Five Must-Include Cards
Bitterbloom Bearer
Bitterbloom Bearer is a natural extension of the deck’s core engine. Flash and flying make it easy to deploy without telegraphing your plan, and its upkeep trigger mirrors Bitterblossom almost exactly.

Yes, you lose life, but the steady stream of Faerie tokens is worth it. Those tokens fuel Maralen every turn, pad your creature count for free spells, and keep pressure on opponents even when the board stalls. In games where Bitterblossom gets answered, Bearer often steps in as a reliable backup.
Alela, Cunning Conqueror
Alela rewards you for doing things you already want to do. Playing interaction, holding up mana, and disrupting opponents all translate into Faerie tokens. Those tokens immediately fuel Maralen’s exile engine while also building an evasive board presence.

What really makes Alela shine here is how she bridges offense and defense. You never feel punished for leaving mana open, and over a few turns, she quietly floods the board while opponents are busy dealing with bigger threats.
Bitterblossom
Bitterblossom is the backbone of the deck. One Faerie every upkeep means consistent exile triggers without spending mana or cards. That steady pace is exactly what Maralen needs to function smoothly.

The life loss is mostly irrelevant in a deck that plans to control the flow of the game and pressure opponents early. Left unanswered, Bitterblossom ensures Maralen always has fuel, even after board wipes or removal-heavy games.
Scion of Oona
Scion of Oona does three important things at once. It boosts your Faeries, gives them shroud, and can be deployed at instant speed. That combination is incredibly hard for opponents to play around.

The anthem effect turns your token army into a real clock, while shroud protects your board from targeted removal. Flash lets you hold up interaction and still advance your board if nothing needs answering. Scion often looks innocent until combat math suddenly becomes very unfavorable for the table.
High Fae Trickster
High Fae Trickster fits Maralen’s plan almost too well. Flash allows you to add Faeries on opponents’ turns, which means more exile triggers without tapping out on your own. That flexibility matters when your commander only gives you one free spell per turn. Trickster also keeps your board state hard to read, forcing opponents to play cautiously around open mana.

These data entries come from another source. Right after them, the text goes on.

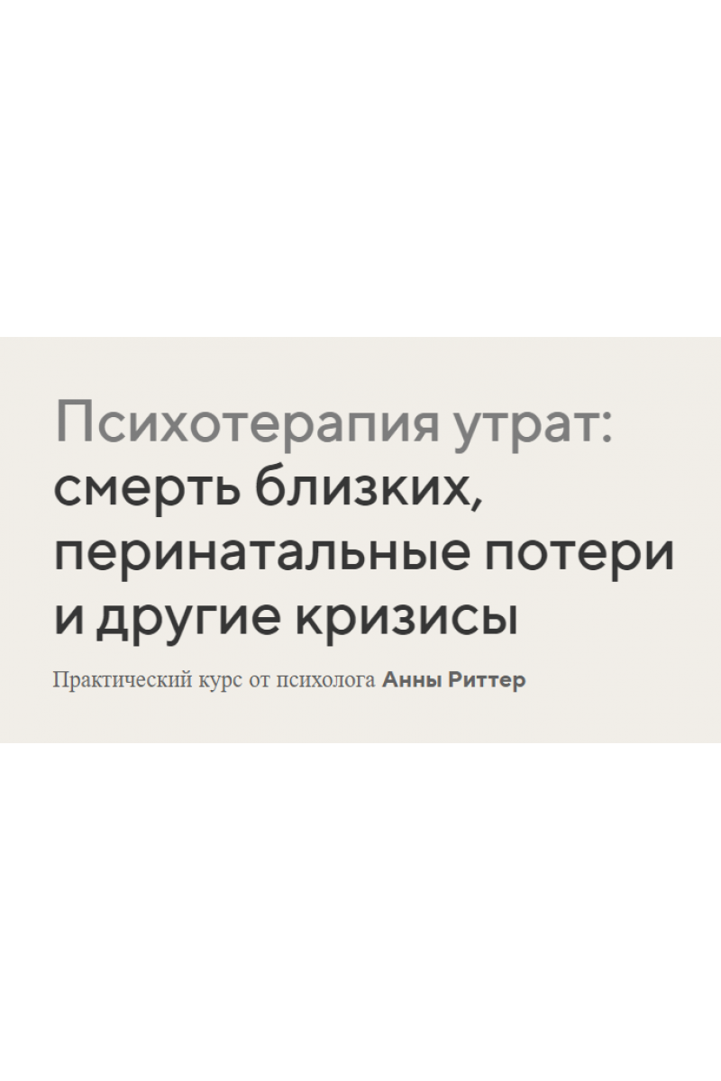 Курс "Психотерапия утрат: смерть близких, перинатальные потери и другие кризисы" от психолога Анны Риттер поможет начинающим и опытным психологам с уверенностью брать любые запросы без страха не справиться или разрушиться, повысить эффективность терапевтической работы.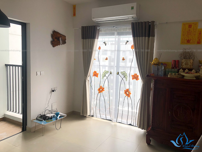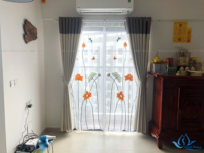 Rèm voan thêu tay hoa sen đẹp cho phòng thờ tại Sky2 Aquabay, Hưng Yên P2912
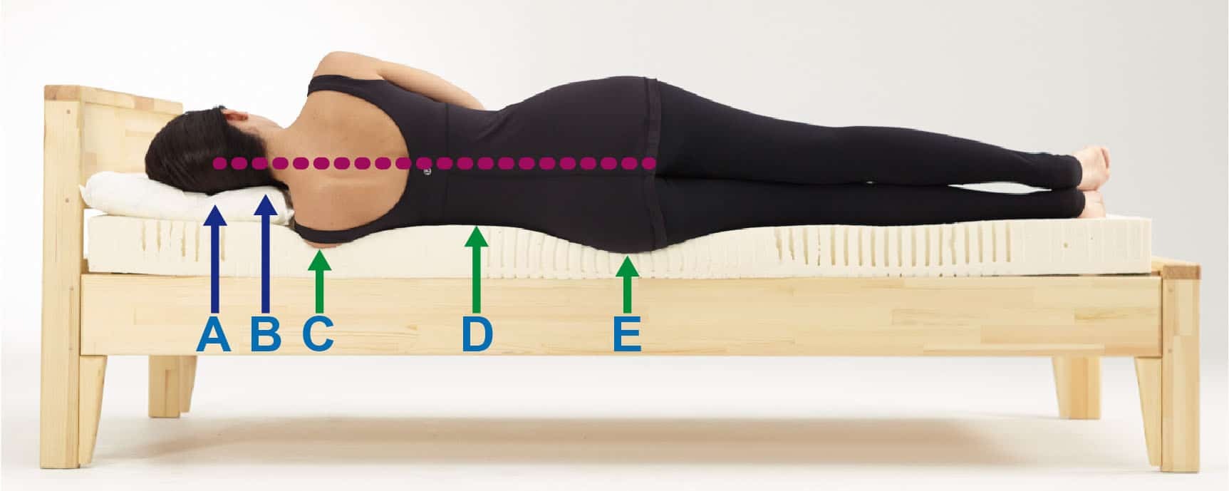 仰向き寝は背骨のS字カーブを正しい姿勢で支えることが必要です。下図のようにC,D,Eの支えがポイントです。A,Bは枕ですが、先に背骨のC,D,Eを調整してからでないと、枕だけ調整しても限界があります。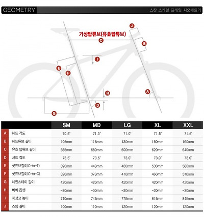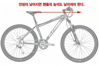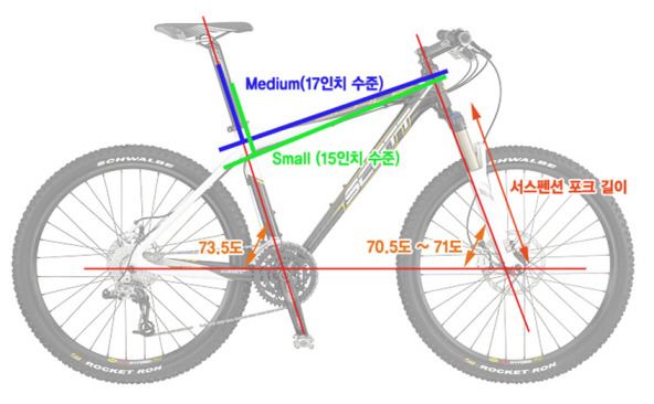 일반적인 자전거 사이즈를 보기 위해 크로스컨트리용 산악자전거 스캇(Scott) 스케일의 지오메트리 표를 확인해 보자. 우리나라에서 가장 많이 판매되는 스몰(SM)과 미디엄(MD) 사이즈를 비교하면 다음과 같다. 1. 시트튜브의 길이 차이 : 50mm 2. 유효 탑튜브의 길이 차이 : 25mm 3. 헤드튜브의 길이 차이 : 10mm 4. 헤드튜브의 각도 : 0.5도 (스몰 : 70.5도, 미디엄 : 71도) 시트튜브의 길이는 프레임 사이즈로 보면 50mm(2인치 정도) 차이가 나지만, 실제 가상 탑튜브의 길이는 25mm 차이를 보인다. 그러면서도 휠베이스(앞뒤 바퀴의 사이) 길이를 유지하기 위해 헤드튜브의 각도가 0.5도 작게 설계했다. 키가 작은 사람의 경우 작은 프레임으로 탑튜브의 길이를 어느정도 해결할 수 있지만, 여기서 한가지 문제가 생긴다. 안장은 시트튜브에 따라 많이 낮출 수 있지만, 핸들바의 높이는 여전히 10~20mm정도 밖에 낮추어 지지 않았다는 것이다.

In a deck that rewards patience and timing, this card consistently overperforms.
Is a Maralen, Fae Ascendant Commander Deck Right for You?
Maralen works best when the deck stays focused. You want efficient creatures, steady pressure, and just enough interaction to protect your commander and disrupt opponents.
Sultai colors elevate her from a gimmick into a consistent strategy. Green ensures you always have bodies, blue keeps your plan safe, and black turns disruption into advantage.
You can build around repeating triggers to boost effectiveness, lean heavily into tribal, and pepper in removal, and you have a deck that can take on almost any opponent. This makes Maralen very beginner-friendly but a treat for long-time players as well.